NEU-ISENBURG (men). Kann man sich mit Einsamkeit anstecken wie mit einer Erkältung? Ja, sagen US-amerikanische Forscher. Menschen, die sich einsam fühlen, können dieses Gefühl auf andere übertragen. So verlieren sie auch die wenigen Sozialkontakte, die sie noch haben.

Einsamkeit ist ansteckend

Einsamkeit kann ansteckend sein, sagen US-Forscher.

Foto: ABDA

"Wir haben bei einsamen Menschen ein bemerkenswertes Ansteckungsmuster entdeckt. Sie ziehen sich an den Rand ihres sozialen Netzwerks zurück und verlieren nach und nach auch noch die wenigen Freunde, die sie noch haben", erklärt John Cacioppo aus Chicago. Zusammen mit Kollegen der Universitäten von California-San Diego und Harvard hat der Psychologe für die vorliegende Studie Daten von mehr als 5000 Teilnehmern der Framingham Heart Study ausgewertet (Journal of Personality and Social Psychology, online vorab, Dezember 2009).

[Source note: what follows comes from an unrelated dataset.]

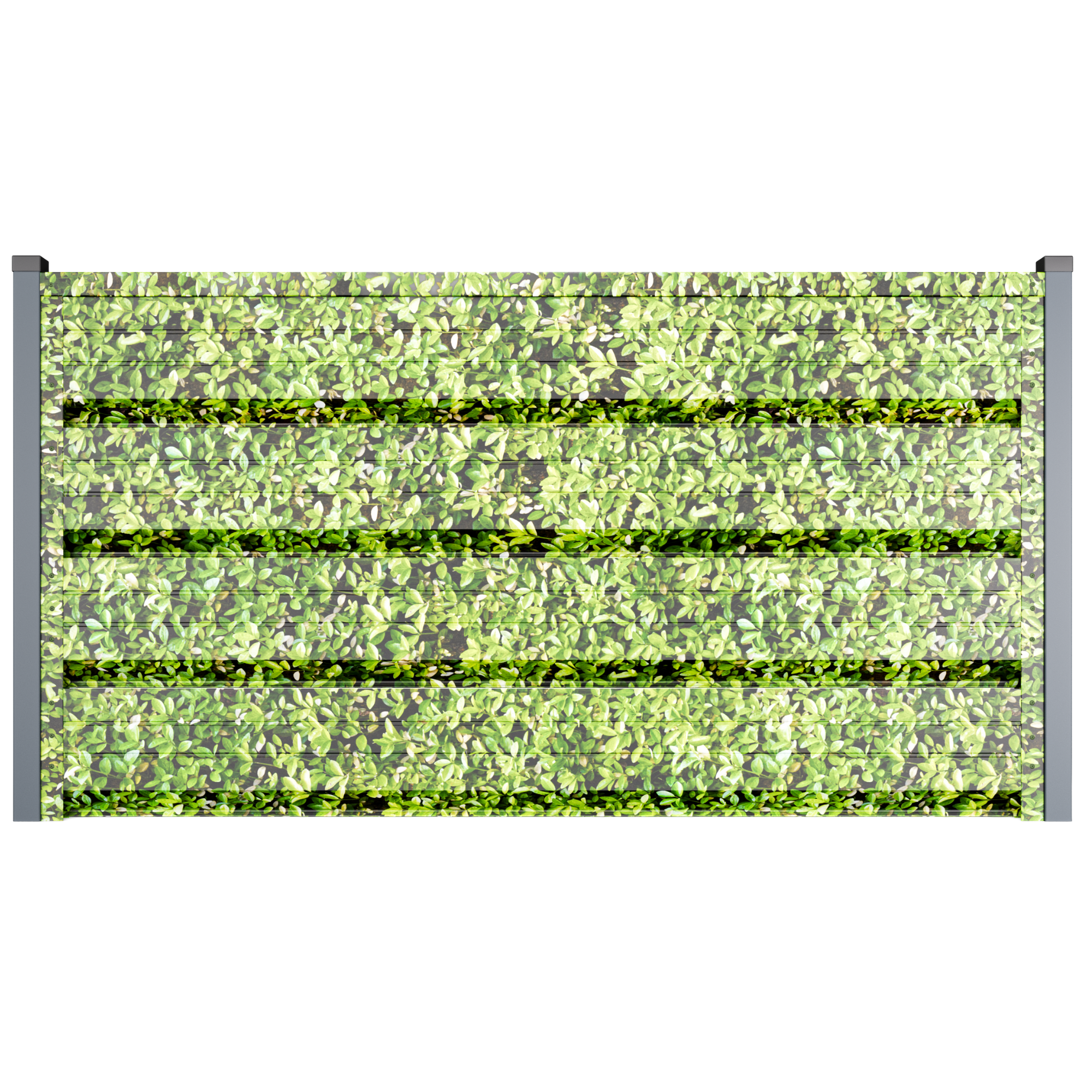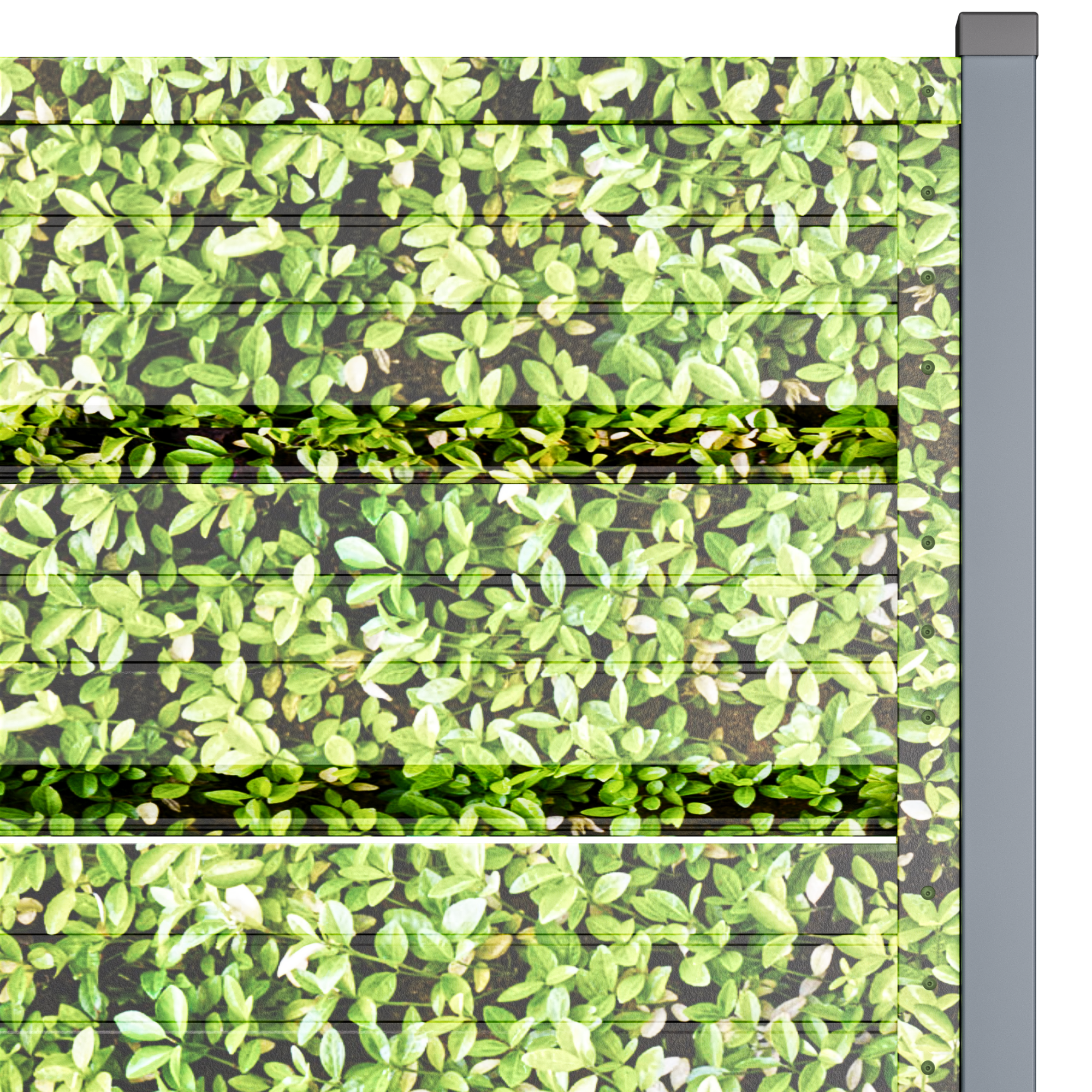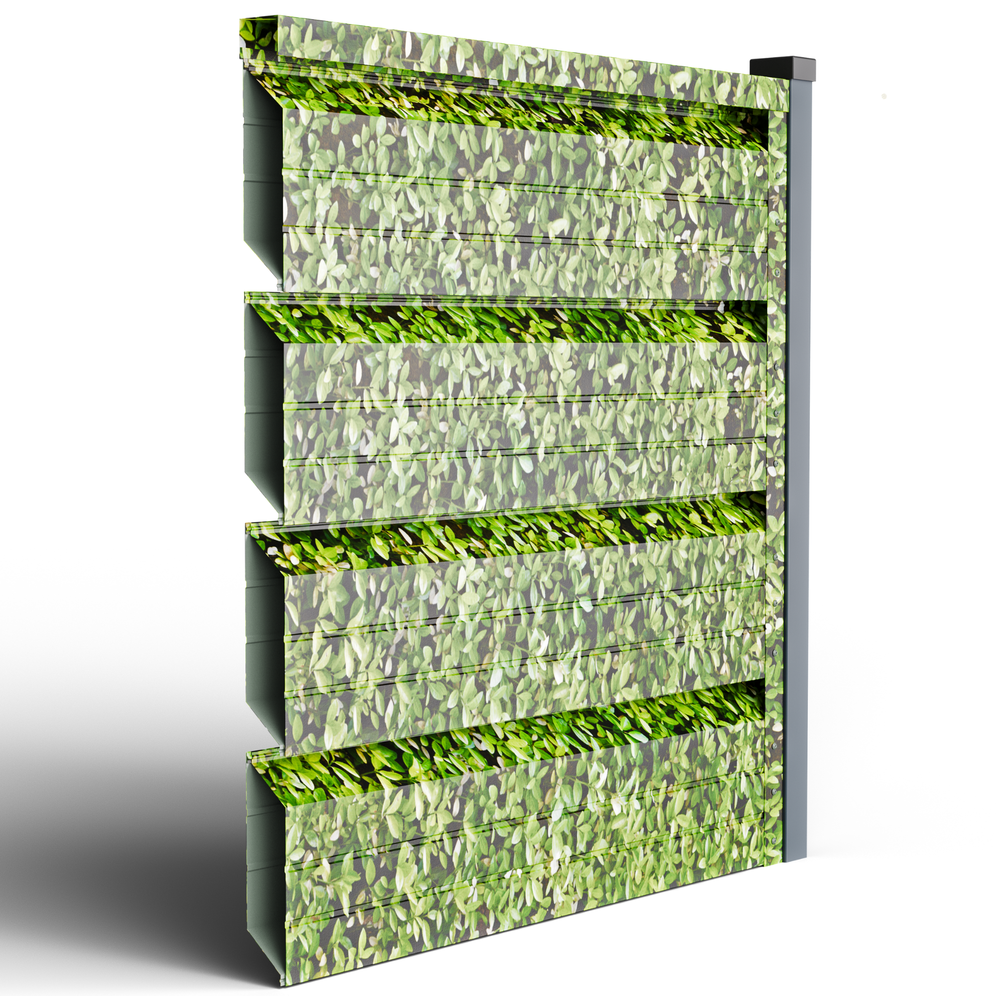 • Ефективна циркулация на въздуха и поверителност – геометрията на кутиите позволява постоянен обмен на въздух, намалявайки натрупването на топлина (без парников ефект) и поддържайки стабилен микроклимат, благоприятен за растителността; същевременно директният поглед от улицата е блокиран, запазвайки поверителността.

Die Forscher stellten eine Beziehung her zwischen der Anzahl enger Freunde, die ein Studienteilnehmer benannte, und der Häufigkeit von Einsamkeits-Episoden des betreffenden Teilnehmers. Dabei stellten sie fest, dass einsame Menschen ihre Bezugspersonen mit ihrer Einsamkeit "ansteckten", sodass diese ebenso an den Rand ihres sozialen Netzes rückten.

Das Gefühl der Einsamkeit verbreitete sich in der Studie eher unter Freunden als unter Verwandten. Frauen liefen dabei eher Gefahr als Männer, sich mit der Einsamkeit eines anderen "anzustecken".

"Einsame Menschen haben ein erhöhtes Risiko für diverse psychische und somatische Erkrankungen. Freunde und Bekannte sollten sich daher verstärkt um Betroffene kümmern, bevor diese sich immer mehr zurückziehen", meint Cacioppo.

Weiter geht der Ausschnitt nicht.